● DATA SHOWN:
- Opening Delimiter -
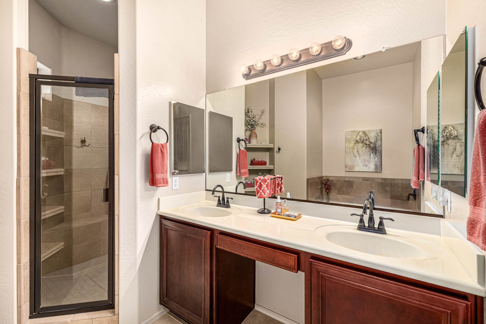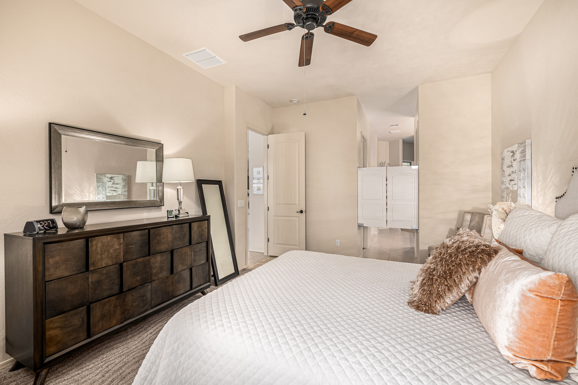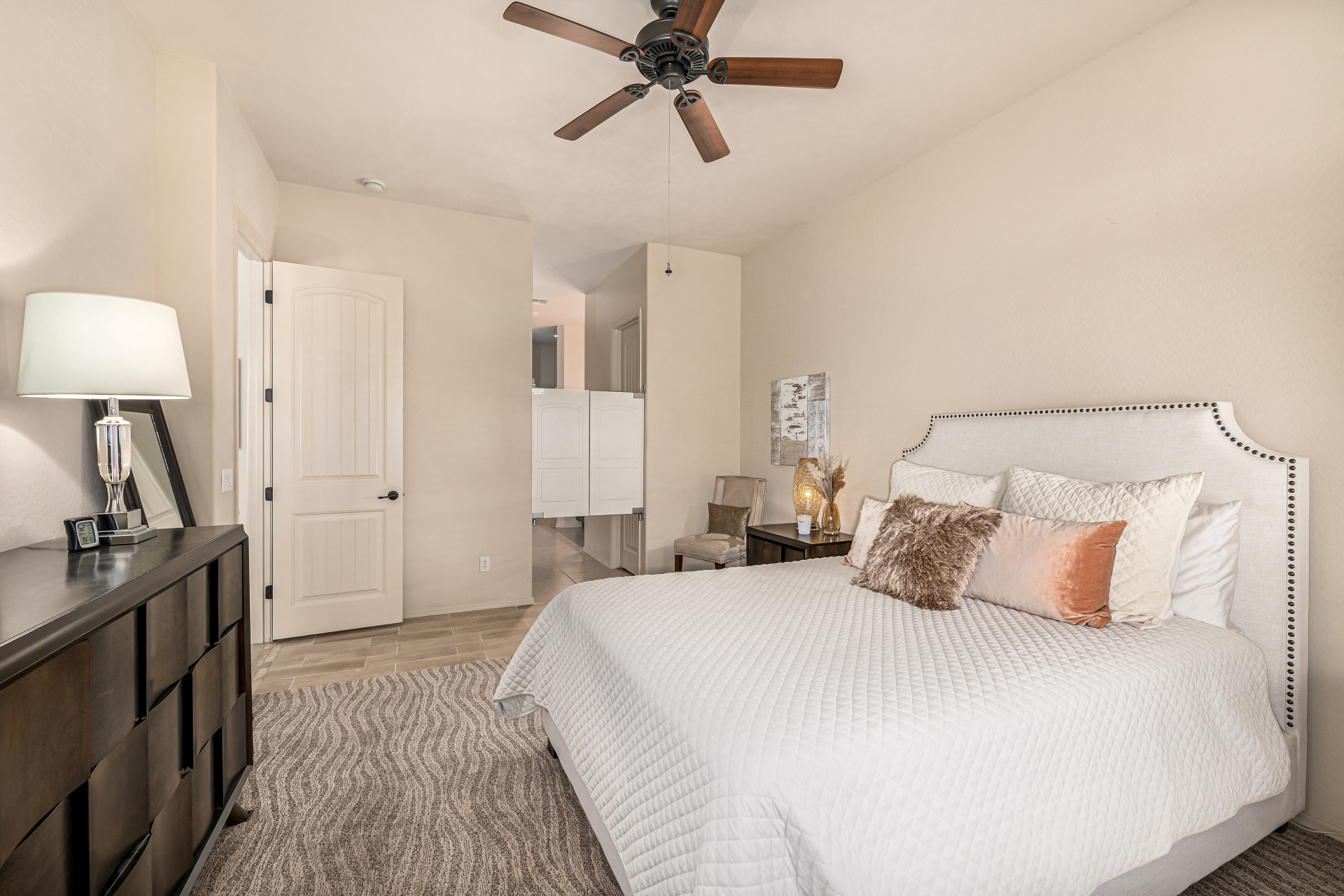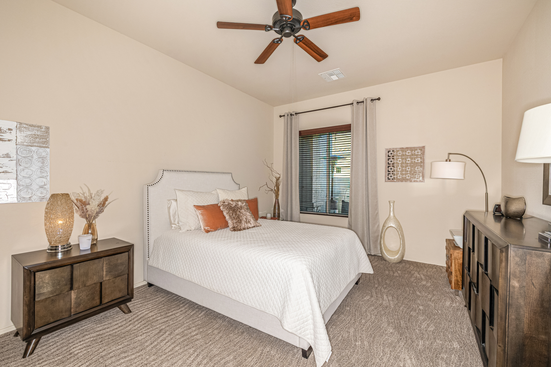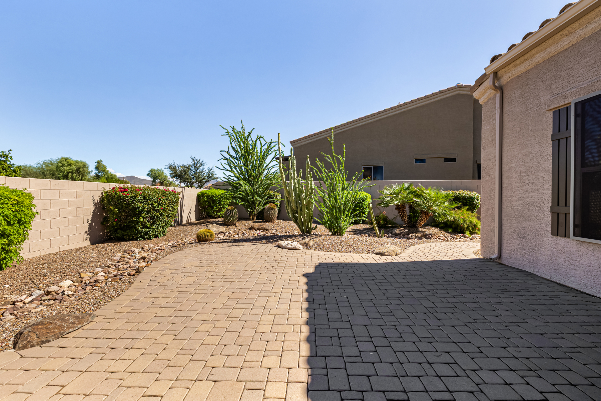 Welcome to Tuscany Villas a carefree gated golf course community perfectly situated in NE Mesa's prime location. This exceptional 1,633 sq. ft. villa offers desirable north/south exposure and is available turn-key for a truly effortless move-in experience. This 2-bedroom, 2-bath home showcases pride of ownership throughout. Enter through a private courtyard with custom metal security doors on both front and back. Inside, enjoy an abundance of natural light and an open, flowing floor plan. The kitchen features maple cabinetry, granite countertops, and a prep island, opening to both an informal dining area and a formal dining space.The spacious great room is ideal for relaxing evenings or entertaining guests. Designer upgrades include updated light fixtures and ceiling fans custom window treatments and interior paint.
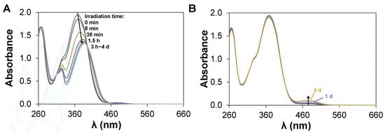 Time-dependent UV-vis spectra of the ligand in DMSO. (A) Irradiated continuously with diffuse light. (B) Protected from light. [cligand = 122 μM; ℓ = 2 mm; T = 25.0 °C].
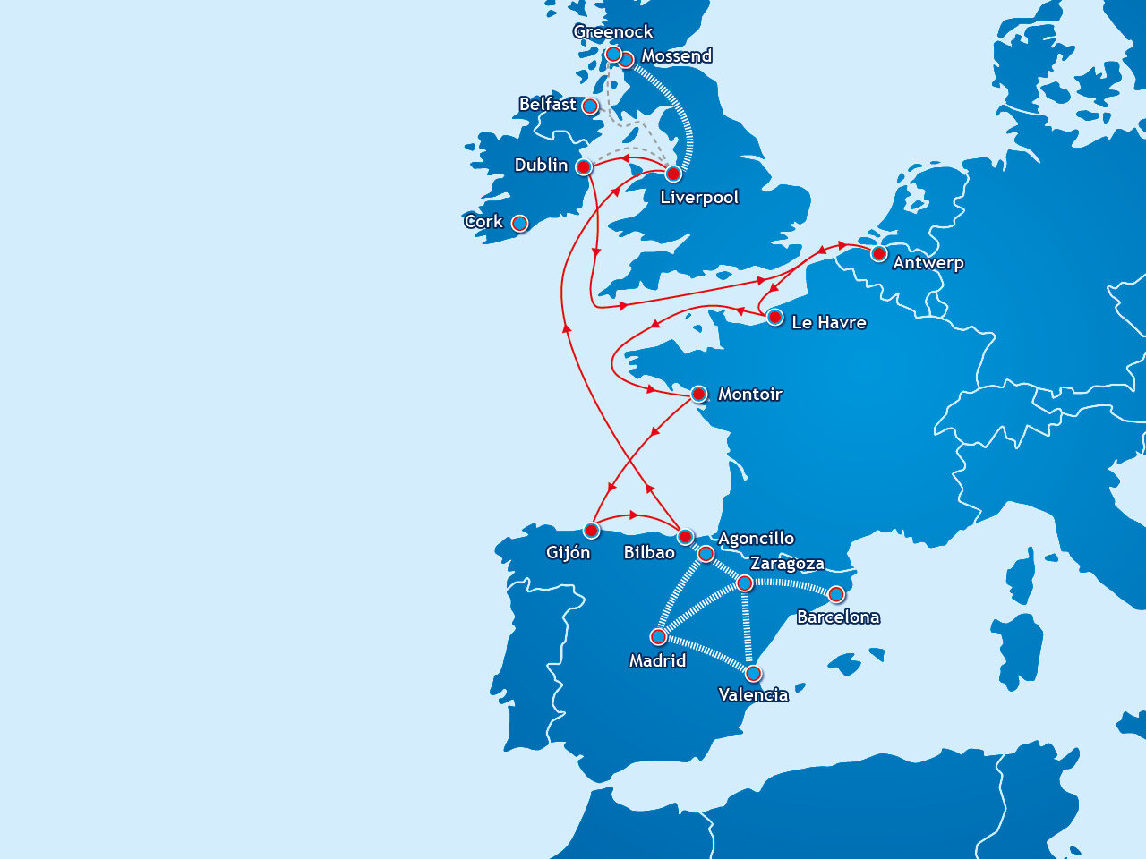 In addition, short transit times ex Antwerp and Montoir-de-Bretagne to Bilbao are offered – 7 days and 2 days respectively – facilitating seamless onward rail connections to Barcelona, Valencia, Madrid, Zaragoza, and Agoncillo (La Rioja). From Liverpool fast rail connections are offered into Belfast, Mossend, and Greenock.
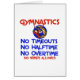 Onze Gymnastiek No Wimps wijst erop dat er geen tweede kans is in Gymnastics, ook al is er geen plaats voor wimpers in deze sport! *Opmerking: wij bieden dit ontwerp in twee kleuren aan; die voor lichte kleuren en voor donkere kleuren werkt. Als u uw eigen shirt creëer, zorg gelieve ervoor u het correcte kleurenontwerp kiest.
- Closing Delimiter -
● BRIEF: Each line above must be set down exactly, though no picture should be carried over.

● RESULT OF THE TASK:
 Welcome to Tuscany Villas a carefree gated golf course community perfectly situated in NE Mesa's prime location. This exceptional 1,633 sq. ft. villa offers desirable north/south exposure and is available turn-key for a truly effortless move-in experience. This 2-bedroom, 2-bath home showcases pride of ownership throughout. Enter through a private courtyard with custom metal security doors on both front and back. Inside, enjoy an abundance of natural light and an open, flowing floor plan. The kitchen features maple cabinetry, granite countertops, and a prep island, opening to both an informal dining area and a formal dining space.The spacious great room is ideal for relaxing evenings or entertaining guests. Designer upgrades include updated light fixtures and ceiling fans custom window treatments and interior paint.
 Time-dependent UV-vis spectra of the ligand in DMSO. (A) Irradiated continuously with diffuse light. (B) Protected from light. [cligand = 122 μM; ℓ = 2 mm; T = 25.0 °C].
 In addition, short transit times ex Antwerp and Montoir-de-Bretagne to Bilbao are offered – 7 days and 2 days respectively – facilitating seamless onward rail connections to Barcelona, Valencia, Madrid, Zaragoza, and Agoncillo (La Rioja). From Liverpool fast rail connections are offered into Belfast, Mossend, and Greenock.
 Onze Gymnastiek No Wimps wijst erop dat er geen tweede kans is in Gymnastics, ook al is er geen plaats voor wimpers in deze sport! *Opmerking: wij bieden dit ontwerp in twee kleuren aan; die voor lichte kleuren en voor donkere kleuren werkt. Als u uw eigen shirt creëer, zorg gelieve ervoor u het correcte kleurenontwerp kiest.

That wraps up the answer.